A businessman has been jailed for six months for attacking and sexually assaulting a woman on Griffith Avenue in Dublin in October 2010.

Anthony Lyons, the owner of an aviation leasing company, from Griffith Avenue in Dublin, originally denied attacking the woman when arrested near the scene.

However, ten days later he went back to gardaí and claimed he attacked the woman because he was on cholesterol medication, a defence that was rejected by the jury.

Mr Justice Desmond Hogan today sentenced him to six years in prison, but suspended five-and-a-half years of the sentence.

Lyons, who was convicted last month, was also ordered by the judge to pay €75,000 to the victim.

Outside the court, the victim’s family said they were very upset by the sentence and said that this was a case where "money talks".

Afterwards on RTÉ's Liveline, they said they are "horrified" by what they called the "very lenient" sentence handed down in the case.

An aunt of the victim said it was very disappointing that he will only serve six months in prison, because the crime of which he has been convicted can carry a 10-year sentence.

Lyons is now a registered sex offender.

He attacked the woman as she walked along Griffith Avenue on 3 October 2010.

He came up behind her and said "are you going to get home safely", before rugby tackling her into the trees.

She cried for help but he told her to be quiet.

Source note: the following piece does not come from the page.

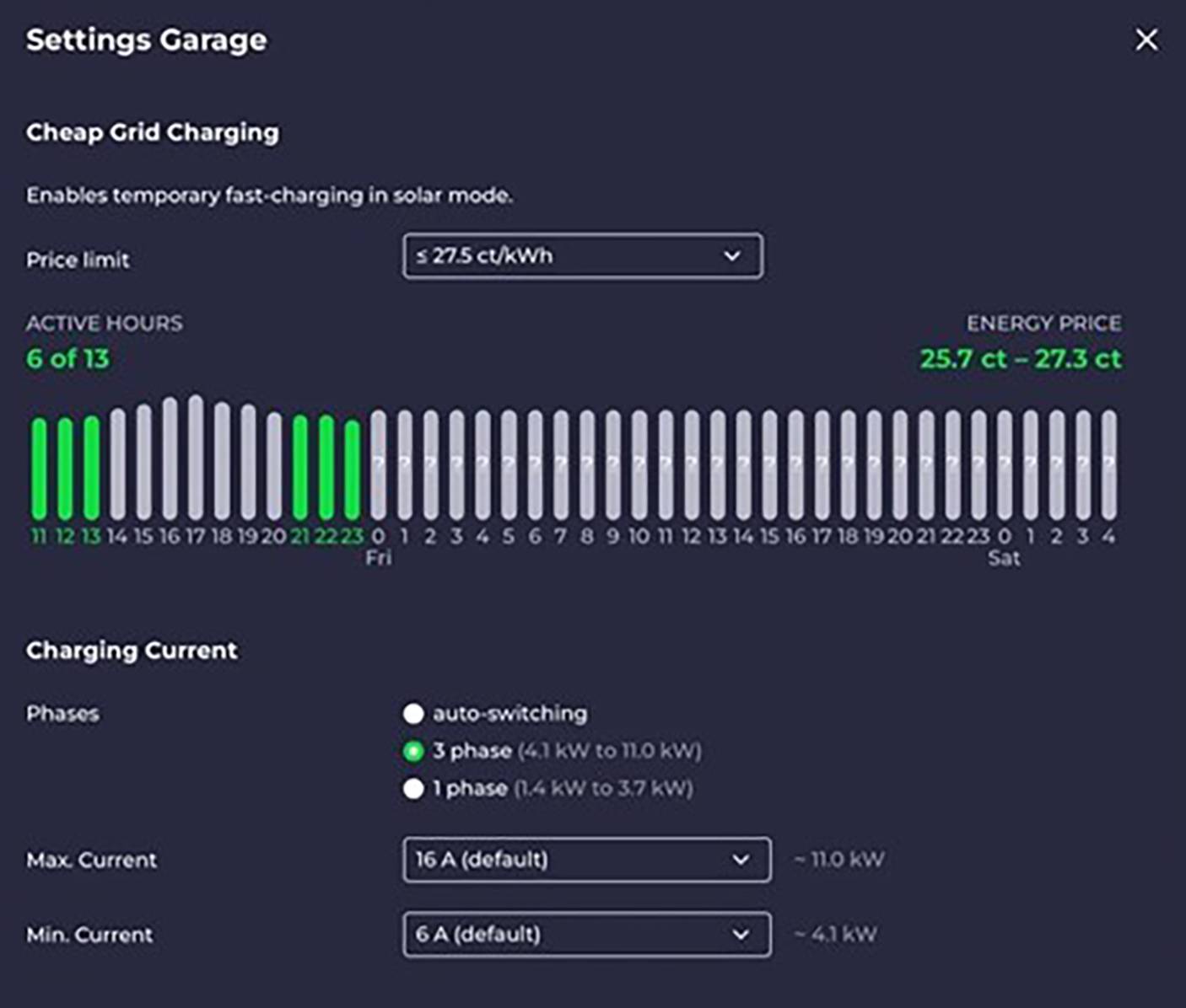 Interface des dynamischen Energiemanagements für preisoptimiertes Laden (via Webbrowser)

He put his hand over her throat and mouth before sexually assaulting her.

The victim managed to hit him on the head with her mobile phone.

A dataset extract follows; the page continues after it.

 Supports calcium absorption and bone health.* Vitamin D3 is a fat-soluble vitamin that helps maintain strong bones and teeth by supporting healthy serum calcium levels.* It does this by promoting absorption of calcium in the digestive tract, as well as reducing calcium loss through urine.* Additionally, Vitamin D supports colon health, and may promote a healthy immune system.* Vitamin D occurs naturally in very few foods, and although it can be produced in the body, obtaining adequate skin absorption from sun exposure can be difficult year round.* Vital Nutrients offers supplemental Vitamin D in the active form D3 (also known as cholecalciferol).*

Lyons tried to take it off her and broke off the cover before continuing. She managed to call 999 during the attack and he ran away when a passerby shouted at him.

However, Lyons left his umbrella behind as he tried to escape and was only around 100 metres from his home when the victim, who was in a garda car, identified him and he was arrested.

The Rape Crisis Network of Ireland has criticised the six-month jail sentence, saying it was "very low''.

It said the victim did not ask for compensation, she asked for justice and was not consulted as to the compensation.

The network also said that it is difficult not to reach the conclusion that had Lyons been a less wealthy man his custodial sentence would have been longer.